Em outro ponto Ávila afirma que:
(...)a distinção entre princípios e regras não pode ser baseada no suposto método tudo ou nada de aplicação das regras, pois também elas precisam, para que sejam implementadas suas consequências, de um processo prévio – e, por vezes, longo e complexo como o dos princípios de interpretação que demonstre quais as consequências que serão implementadas.[10]
A segunda parte está absolutamente correta, mas ela não é oposta à afirmação inicial como Ávila supõe. Só o seria caso as regras fossem tomadas de forma caricata, como se fosse essencial que elas sejam aplicadas mecanicamente. Mas isso não é assim: é compatível com o método de aplicação tudo ou nada que os fatos possam ser complexos e de difícil classificação, e que os termos da regras sejam vagos e demandem intensa interpretação.
Por fim, Ávila comenta que “não é coerente afirmar, como fazem Dworkin e Alexy, cada qual a seu modo, que, se a hipótese prevista por uma regra ocorrer no plano dos fatos, a consequência normativa deve ser diretamente implementada.”[11] Em primeiro lugar, segundo ele, porque “há casos em que as regras podem ser aplicadas sem que suas condições sejam satisfeitas”.[12] Mas essa crítica está claramente equivocada, pois ela sustenta que um argumento condicional do tipo “se p então q” (como é o caso de “se a hipótese prevista por uma regra ocorrer no plano dos fatos, então a consequência normativa deve ser diretamente implementada), quando tem seu antecedente negado, deve ter igualmente o seu consequente negado (“se não-p, então não-q”), o que nada mais é do que a famosa falácia da negação do antecedente. As teses de Dworkin e Alexy só seriam refutadas caso, presente o antecedente, não se verificasse o consequente, ou seja, nos casos em que as regras não são aplicadas apesar de suas condições terem sido satisfeitas.
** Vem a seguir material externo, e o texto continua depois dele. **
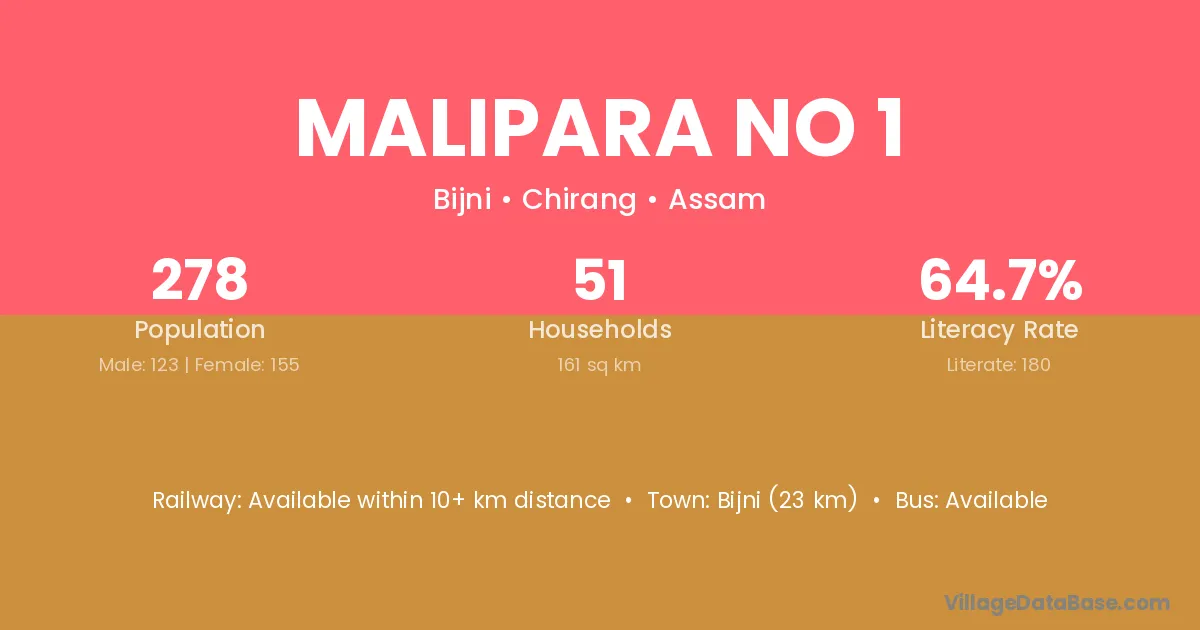 Bijni (23 km) is the nearest town to Malipara No 1 village for major economic activities and is located approximately 23 km away.
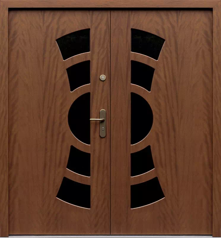 10 kształtowych szyb w tym zestawie drzwiowym jest rozmieszczona symetrycznie względem poziomej osi przechodzącą przez klamkę i pionowej na styku obu skrzydeł. Powyższy, przykładowy egzemplarz drzwi zewnętrznych został wymalowany na kolor: orzech.
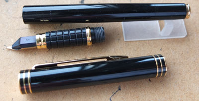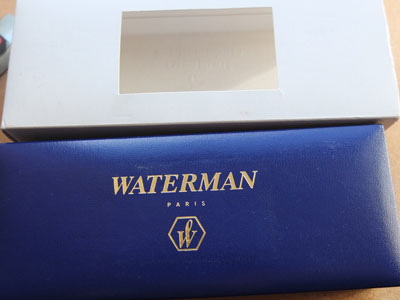 Here is a lightly used Waterman Exclusive fountain pen and ballpen set in black with gold-plated trim and in its original box; it was made around 1989 and has been used but not a lot; it looks lovely and will perform really well; the pen has a fine grade 18ct gold nib and is a cartridge or converter-filler and has a converter fitted; the ballpen has a new refill fitted; the set comes with its leaflet; cartridges are readily available from any stationery shop. Please be aware that the cap tops have PB engraved on them but in normal use would not be seen.

E, de fato, Ávila também dirige essa crítica quando afirma que é isso o que ocorre nos casos de “cancelamento da razão justificadora da regra por razões consideradas superiores pelo aplicador diante do caso concreto.”[13] Nesses casos pode ser dirigida a crítica acima: o tribunal pode ter errado; o que ocorreu, na verdade, não foi o cancelamento da regra naquele caso com sua permanência no sistema, mas meramente a inserção de uma exceção; a regra, na verdade, é um princípio.